— ACTION ITEM —
Return each line of the data below verbatim; pictures are to be left out.

— RECORDS FOR THE EXERCISE —

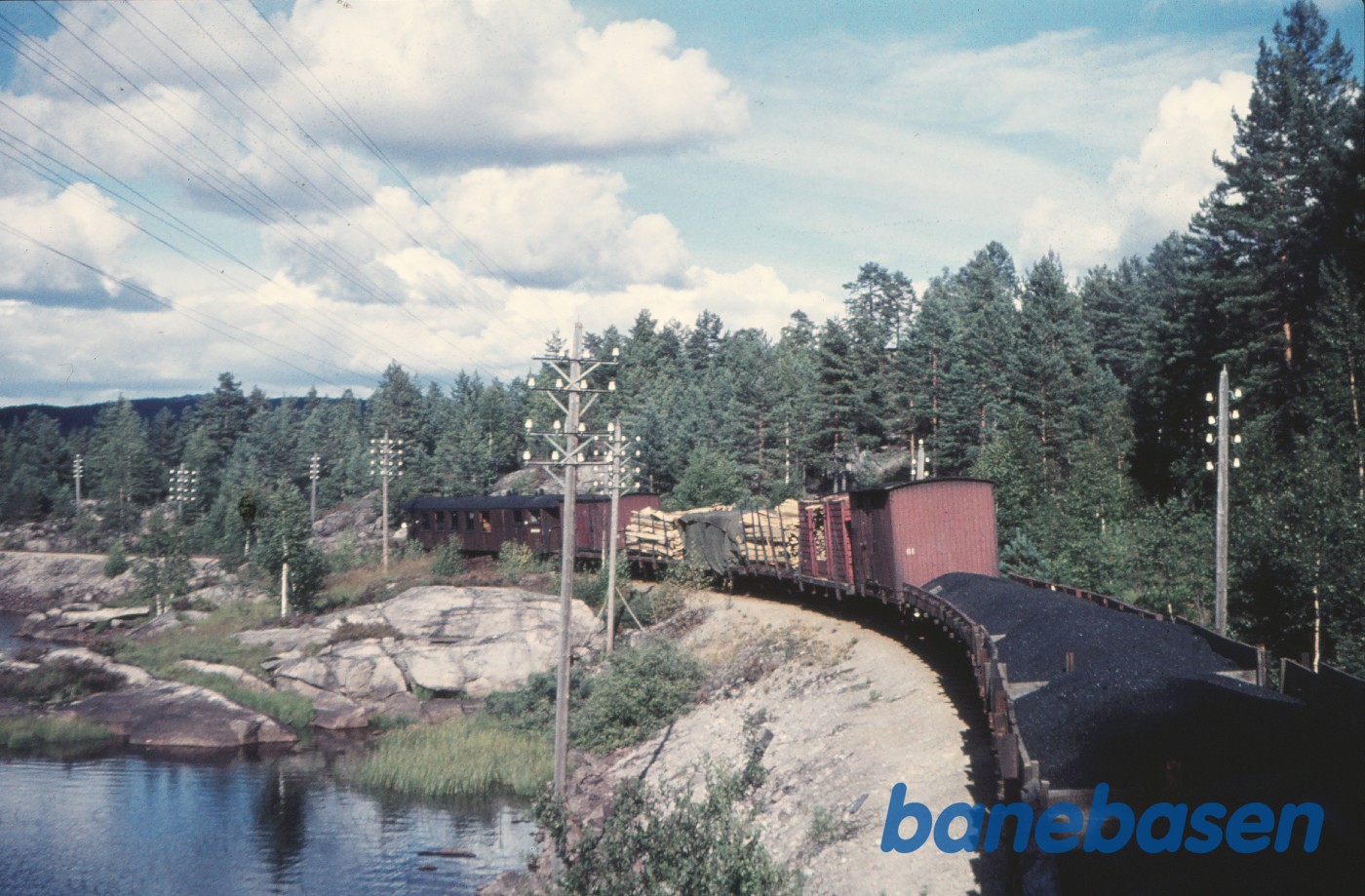 Motiv:Vue fra lokomotivet bagud langs godstog 5662 på fri strækning ved Hornskilen
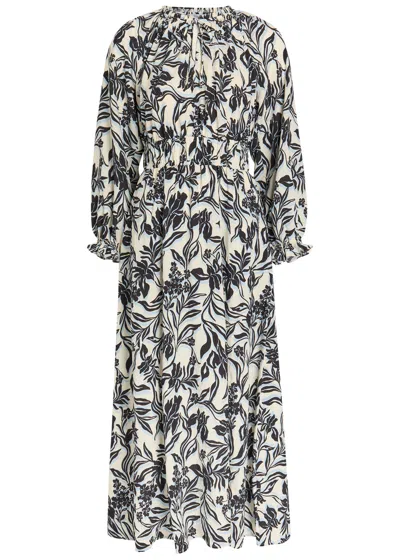 Matia Floral-print Woven Midi Dress In Black
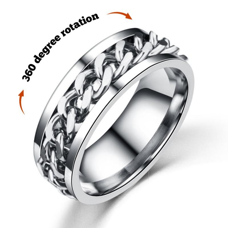 Grooved edge and curb chain inlaid design, personality Stainless Steel rotatable chain men ring, masculine and trendy. It is a very funny ring, fashion design suits for daily and perfect as a stress relief tool,Very Suitable For Moments That Require Meditation, Reduce Anxiety, Relax, Relieve Stress And Concentrate,? Ring Can Effectively Help You Release Bad Emotions And Enhance Your Happiness.
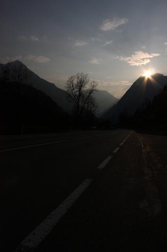 Keywords: road sunset abendstimmung tree mountain sky auto drive shadow austria
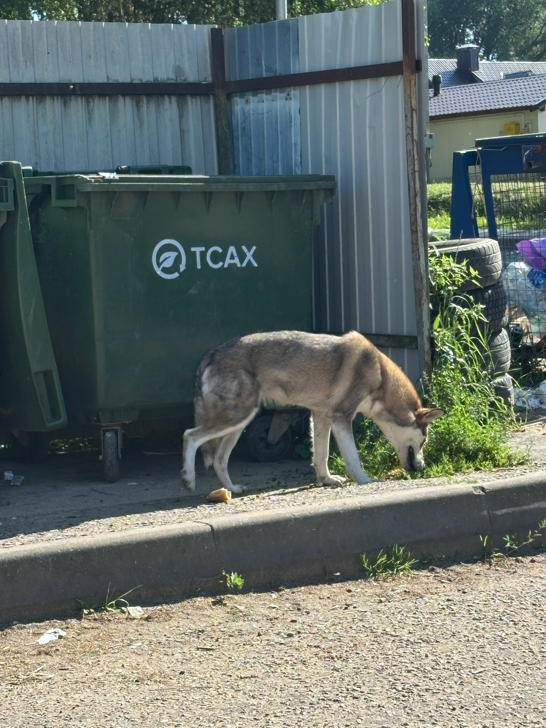 В поселке Бурашево бегает собака. На вид ухоженная, но видимо истощена.

— PROBLEM SOLUTION —
 Motiv:Vue fra lokomotivet bagud langs godstog 5662 på fri strækning ved Hornskilen
 Matia Floral-print Woven Midi Dress In Black
 Grooved edge and curb chain inlaid design, personality Stainless Steel rotatable chain men ring, masculine and trendy. It is a very funny ring, fashion design suits for daily and perfect as a stress relief tool,Very Suitable For Moments That Require Meditation, Reduce Anxiety, Relax, Relieve Stress And Concentrate,? Ring Can Effectively Help You Release Bad Emotions And Enhance Your Happiness.
 Keywords: road sunset abendstimmung tree mountain sky auto drive shadow austria
 В поселке Бурашево бегает собака. На вид ухоженная, но видимо истощена.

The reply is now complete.